● **Assignment**
Below is a listing with pictures in it; transcribe exactly the lines from the one that has "- Zewnętrzna szybka" through the one that has "tamsiai pilki, Dryžuoti", and omit those pictures.

● **Data under study**
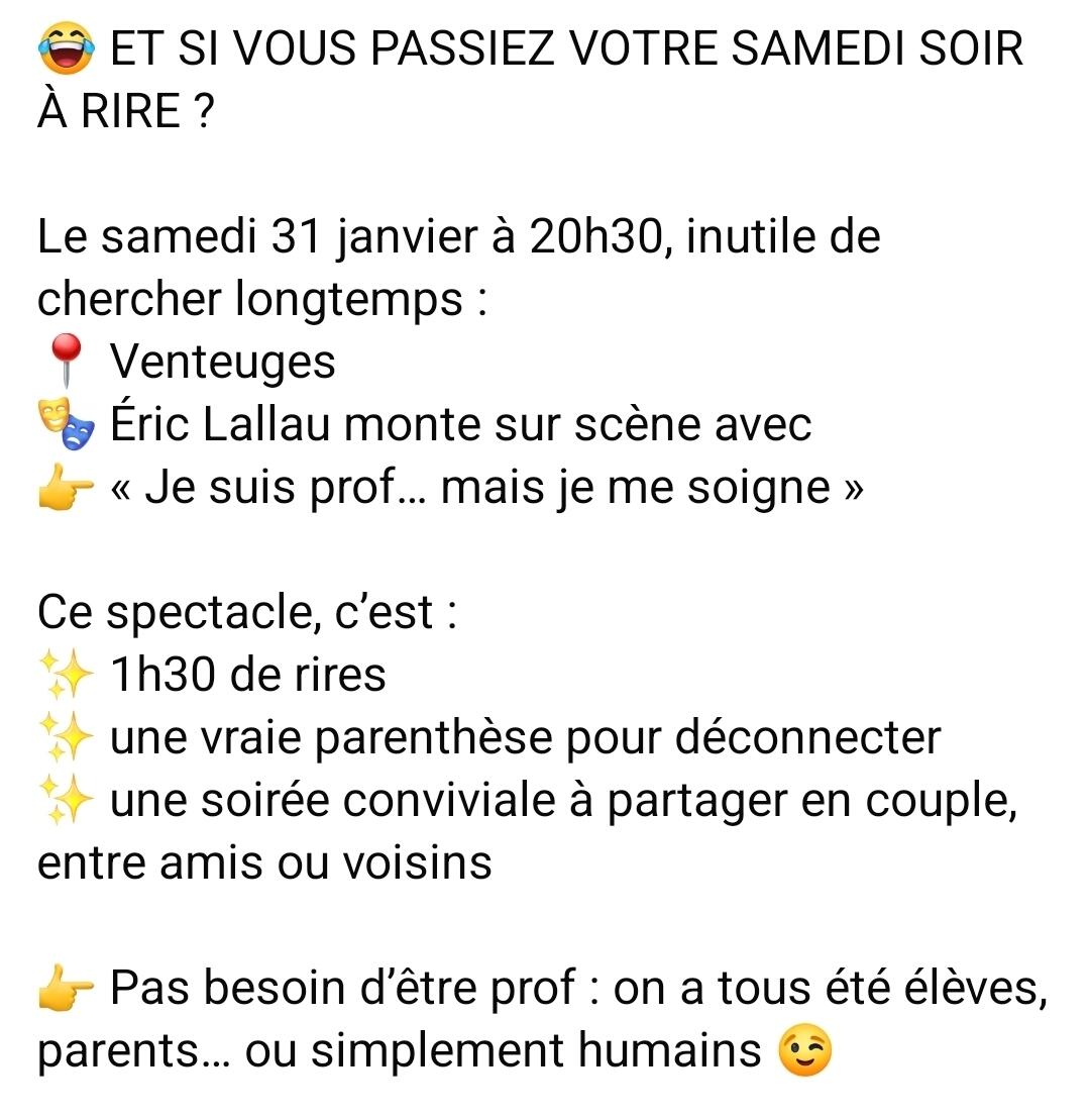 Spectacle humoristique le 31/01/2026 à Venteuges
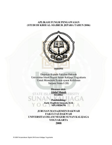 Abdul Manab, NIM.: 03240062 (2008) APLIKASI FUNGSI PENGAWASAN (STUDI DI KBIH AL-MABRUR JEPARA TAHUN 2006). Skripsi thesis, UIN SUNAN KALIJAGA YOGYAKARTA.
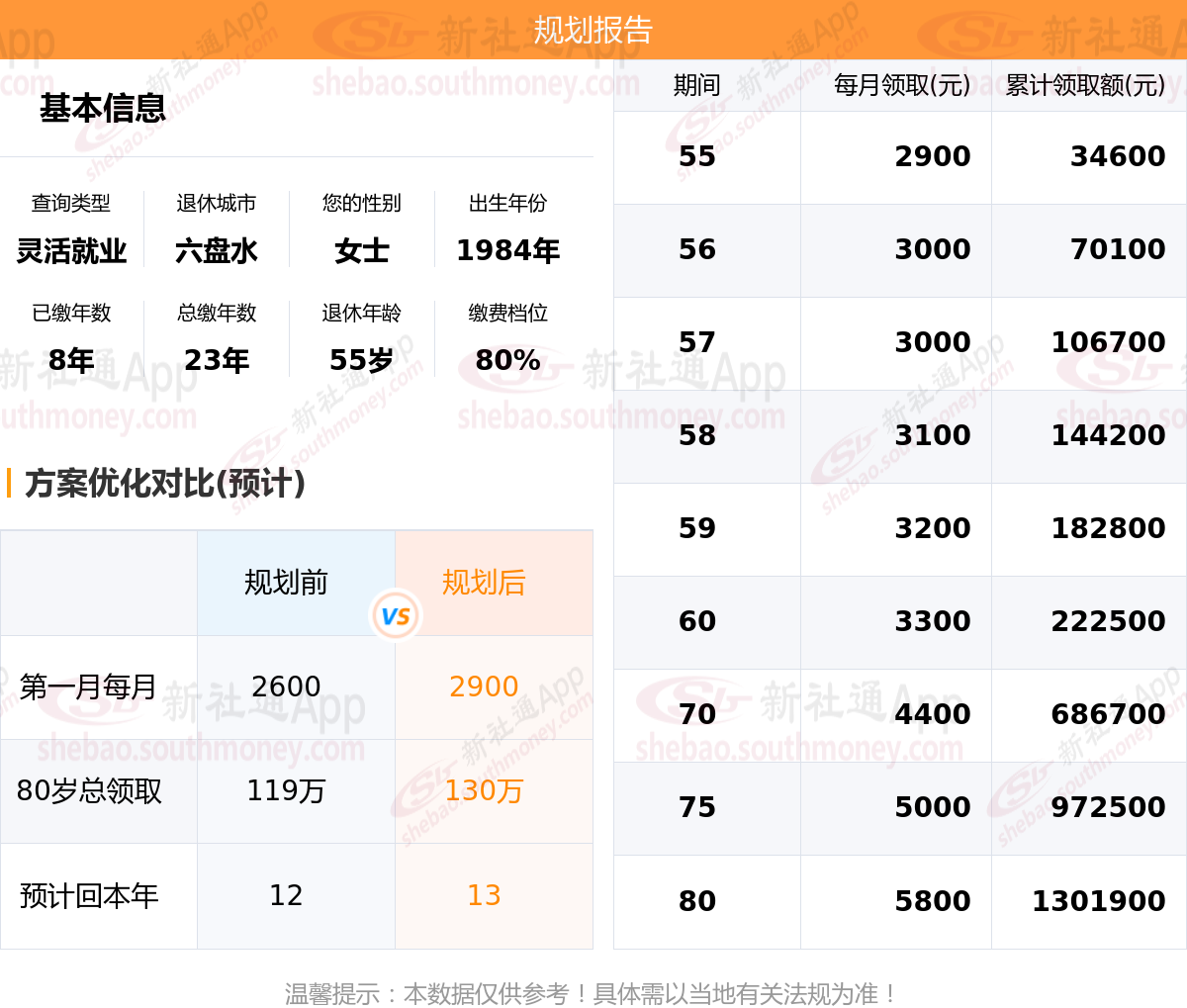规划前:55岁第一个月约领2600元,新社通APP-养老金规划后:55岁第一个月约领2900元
* * *
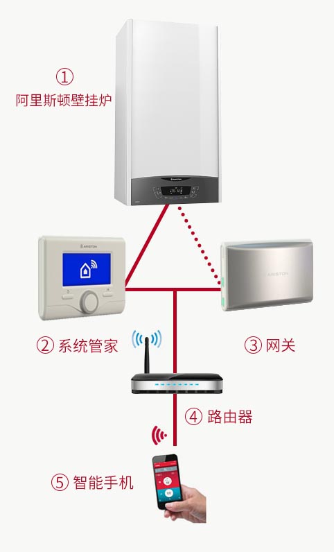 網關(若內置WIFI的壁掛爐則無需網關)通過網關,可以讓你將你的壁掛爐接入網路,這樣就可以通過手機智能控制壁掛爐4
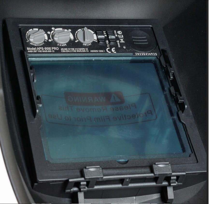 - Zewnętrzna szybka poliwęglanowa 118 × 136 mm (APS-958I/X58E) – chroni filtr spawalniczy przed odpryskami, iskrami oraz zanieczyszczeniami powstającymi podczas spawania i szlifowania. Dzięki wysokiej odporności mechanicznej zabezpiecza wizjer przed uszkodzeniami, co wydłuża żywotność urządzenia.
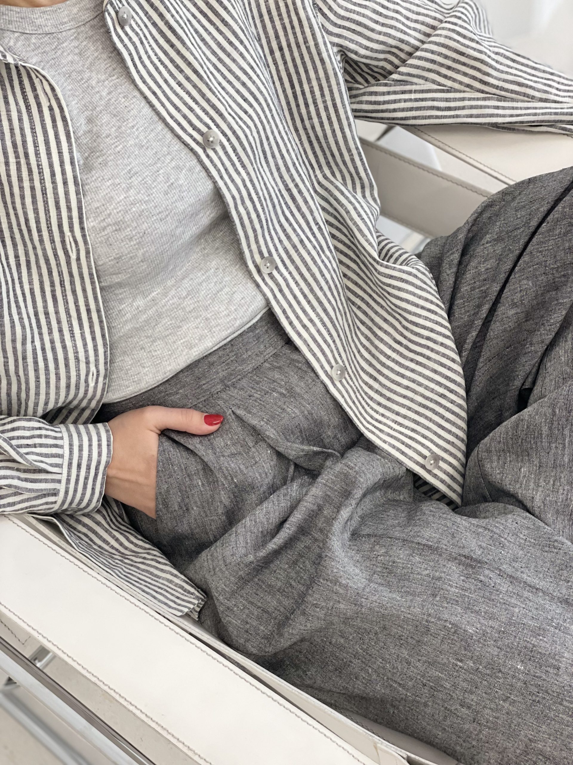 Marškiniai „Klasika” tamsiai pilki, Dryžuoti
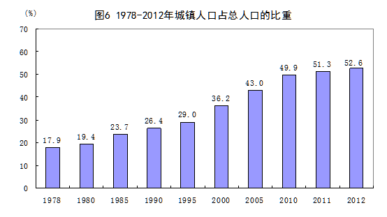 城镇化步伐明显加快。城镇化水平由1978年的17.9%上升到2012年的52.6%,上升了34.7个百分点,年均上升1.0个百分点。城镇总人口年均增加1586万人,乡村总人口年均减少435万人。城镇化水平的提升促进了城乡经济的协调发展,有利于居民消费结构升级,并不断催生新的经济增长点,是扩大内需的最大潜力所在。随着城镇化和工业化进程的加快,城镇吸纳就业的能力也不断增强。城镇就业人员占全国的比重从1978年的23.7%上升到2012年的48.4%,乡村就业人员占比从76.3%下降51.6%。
---
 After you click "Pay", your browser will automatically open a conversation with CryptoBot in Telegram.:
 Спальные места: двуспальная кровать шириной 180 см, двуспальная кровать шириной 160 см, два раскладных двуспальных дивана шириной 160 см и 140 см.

● **Result for this task**
 - Zewnętrzna szybka poliwęglanowa 118 × 136 mm (APS-958I/X58E) – chroni filtr spawalniczy przed odpryskami, iskrami oraz zanieczyszczeniami powstającymi podczas spawania i szlifowania. Dzięki wysokiej odporności mechanicznej zabezpiecza wizjer przed uszkodzeniami, co wydłuża żywotność urządzenia.
 Marškiniai „Klasika” tamsiai pilki, Dryžuoti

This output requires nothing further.